EXERCISE: Take the listing from its first line through the line that contains "從整體來看,2025Q3飲料" and please retype those lines exactly, leaving out the pictures.

-------- DATA PROVIDED --------

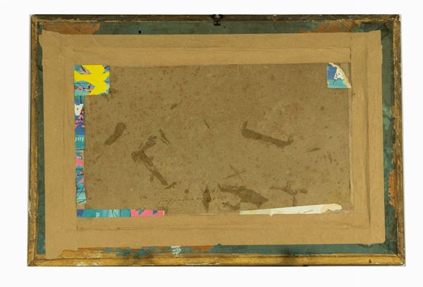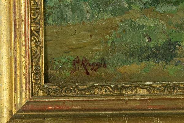 oil painting on cardboard by Raggio who, once settled in Rome, began to paint with frayed brushstrokes, views of the Roman countryside and moments of life of herds and herdsmen. On the back inscription in pen: Castelgandolfo 1914. Frame in gilded wood. Measure cm. 22 x 37.
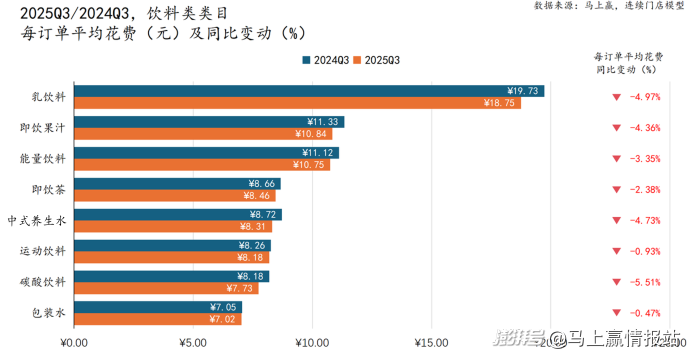 從整體來看,2025Q3飲料類目下各選取類目的每訂單平均花費(fèi)全部同比下滑,反映出消費(fèi)者在飲料消費(fèi)上更加重視性價比,以及品牌之間的價格競爭持續(xù)、激烈。其中,乳飲料雖然仍以18.75元的單筆花費(fèi)居于首位,但同比下降幅度達(dá)到–4.97%;碳酸飲料的平均花費(fèi)同比下降–5.51%,為同比降幅最大的類目。這兩個類目的每訂單平均花費(fèi)下滑或許都體現(xiàn)了健康消費(fèi)潮流對于消費(fèi)者飲料消費(fèi)決策造成的影響。
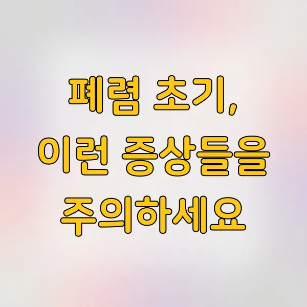 갑자기 기침이 잦아지거나 숨쉬기가 좀 불편하게 느껴지시나요? 혹시 몸살 기운까지 있다면, 단순한 감기겠거니 하고 넘기기 쉬운데요. 하지만 이러한 증상들이 폐렴의 시작일 수도 있다는 점, 알고 계셨나요? 폐렴은 폐에 염증이 생기는 질환으로, 초기에 제대로 대처하지 않으면 심각한 상태로 이어질 수 있어요. 그래서 오늘은 폐렴 초기 증상들을 여러분이 집에서 쉽고 빠르게 체크해 볼 수 있도록, 구체적인 정보와 함께 자세히 알려드릴게요. 평소 건강 관리에 조금 더 신경 써서, 우리 몸에 보내는 신호를 놓치지 않는 것이 중요하답니다. 이 글을 통해 폐렴의 초기 신호를 알아차리고, 필요한 조치를 취하는 데 도움을 받으시길 바라요. 건강은 미리 챙기는 것이 가장 좋으니까요.

--------

OUTPUT BELOW:
 oil painting on cardboard by Raggio who, once settled in Rome, began to paint with frayed brushstrokes, views of the Roman countryside and moments of life of herds and herdsmen. On the back inscription in pen: Castelgandolfo 1914. Frame in gilded wood. Measure cm. 22 x 37.
 從整體來看,2025Q3飲料類目下各選取類目的每訂單平均花費(fèi)全部同比下滑,反映出消費(fèi)者在飲料消費(fèi)上更加重視性價比,以及品牌之間的價格競爭持續(xù)、激烈。其中,乳飲料雖然仍以18.75元的單筆花費(fèi)居于首位,但同比下降幅度達(dá)到–4.97%;碳酸飲料的平均花費(fèi)同比下降–5.51%,為同比降幅最大的類目。這兩個類目的每訂單平均花費(fèi)下滑或許都體現(xiàn)了健康消費(fèi)潮流對于消費(fèi)者飲料消費(fèi)決策造成的影響。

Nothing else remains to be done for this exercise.